§ **Activity**
Please, from the entries below, transcribe exactly the lines that begin at the line with "利用加密算法保证传输数据的安" and end at the line with "6月1日,当地员工在南非开普敦海信南非工业园的电视机生产线上工作。", without the pictures.

§ **Record extracts**
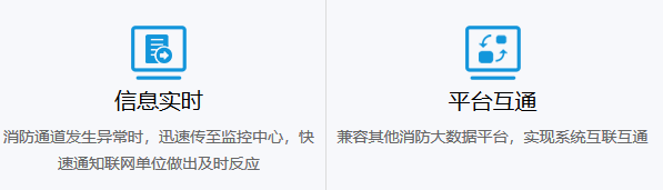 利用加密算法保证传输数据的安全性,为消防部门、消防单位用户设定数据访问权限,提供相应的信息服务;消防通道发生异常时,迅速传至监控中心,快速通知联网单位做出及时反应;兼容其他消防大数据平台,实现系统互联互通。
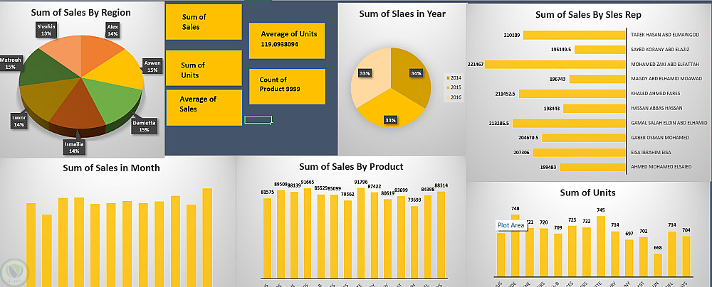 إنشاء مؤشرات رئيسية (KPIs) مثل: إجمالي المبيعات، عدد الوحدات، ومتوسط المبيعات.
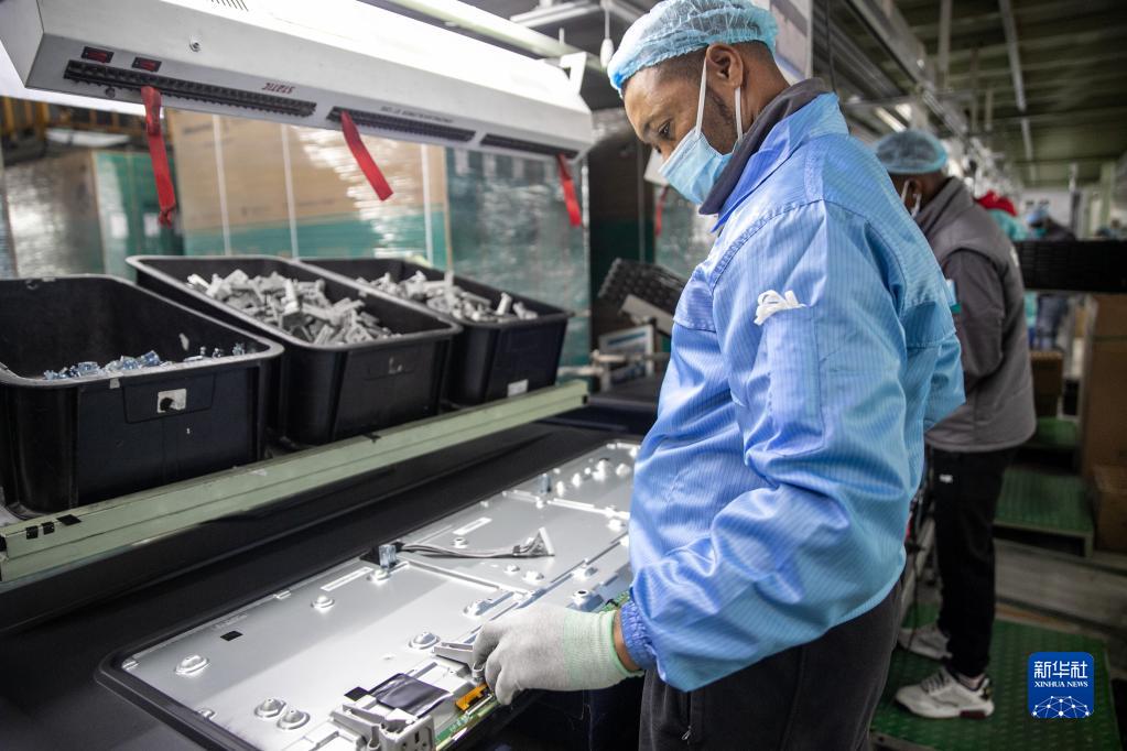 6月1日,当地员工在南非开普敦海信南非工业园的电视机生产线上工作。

* * *

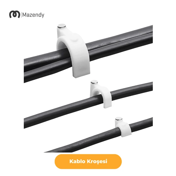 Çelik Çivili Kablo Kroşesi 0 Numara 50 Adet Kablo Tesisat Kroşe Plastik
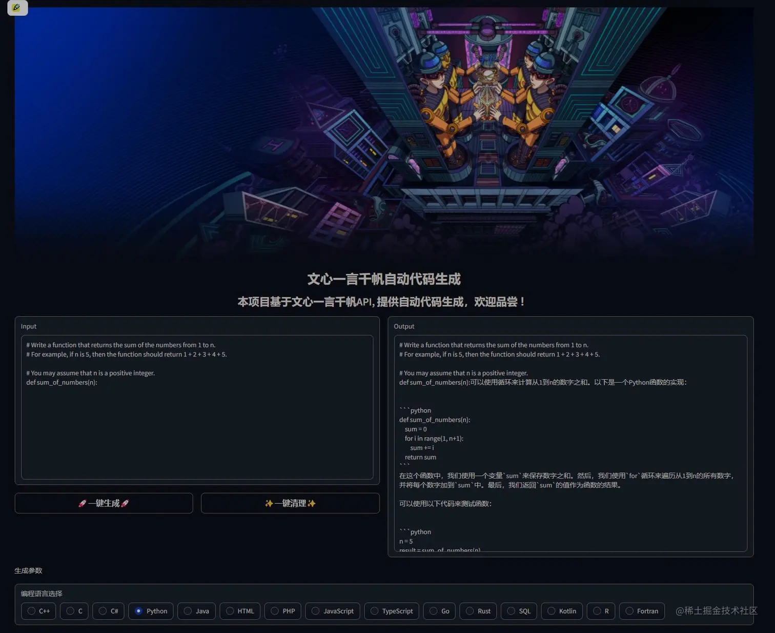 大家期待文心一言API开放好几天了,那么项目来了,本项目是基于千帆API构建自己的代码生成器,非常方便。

* * *

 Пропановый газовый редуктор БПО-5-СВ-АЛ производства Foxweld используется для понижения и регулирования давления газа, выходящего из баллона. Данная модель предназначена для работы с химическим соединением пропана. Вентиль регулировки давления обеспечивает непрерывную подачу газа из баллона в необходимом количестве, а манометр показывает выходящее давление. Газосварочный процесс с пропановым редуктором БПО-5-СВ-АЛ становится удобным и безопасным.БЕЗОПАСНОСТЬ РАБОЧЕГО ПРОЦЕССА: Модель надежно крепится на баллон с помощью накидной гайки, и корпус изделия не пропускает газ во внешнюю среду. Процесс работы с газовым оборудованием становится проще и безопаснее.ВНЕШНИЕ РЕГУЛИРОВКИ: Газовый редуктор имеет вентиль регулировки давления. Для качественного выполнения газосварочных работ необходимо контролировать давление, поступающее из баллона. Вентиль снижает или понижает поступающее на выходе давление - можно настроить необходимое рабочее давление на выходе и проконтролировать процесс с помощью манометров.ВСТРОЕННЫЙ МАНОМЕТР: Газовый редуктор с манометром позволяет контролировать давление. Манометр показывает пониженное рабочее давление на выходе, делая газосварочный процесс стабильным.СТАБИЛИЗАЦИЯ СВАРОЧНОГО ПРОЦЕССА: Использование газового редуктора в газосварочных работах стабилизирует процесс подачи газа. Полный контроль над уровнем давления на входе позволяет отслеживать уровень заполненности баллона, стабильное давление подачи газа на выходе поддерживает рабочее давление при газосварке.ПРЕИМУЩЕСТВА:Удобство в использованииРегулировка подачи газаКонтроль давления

§ **Solution to this problem**
 利用加密算法保证传输数据的安全性,为消防部门、消防单位用户设定数据访问权限,提供相应的信息服务;消防通道发生异常时,迅速传至监控中心,快速通知联网单位做出及时反应;兼容其他消防大数据平台,实现系统互联互通。
 إنشاء مؤشرات رئيسية (KPIs) مثل: إجمالي المبيعات، عدد الوحدات، ومتوسط المبيعات.
 6月1日,当地员工在南非开普敦海信南非工业园的电视机生产线上工作。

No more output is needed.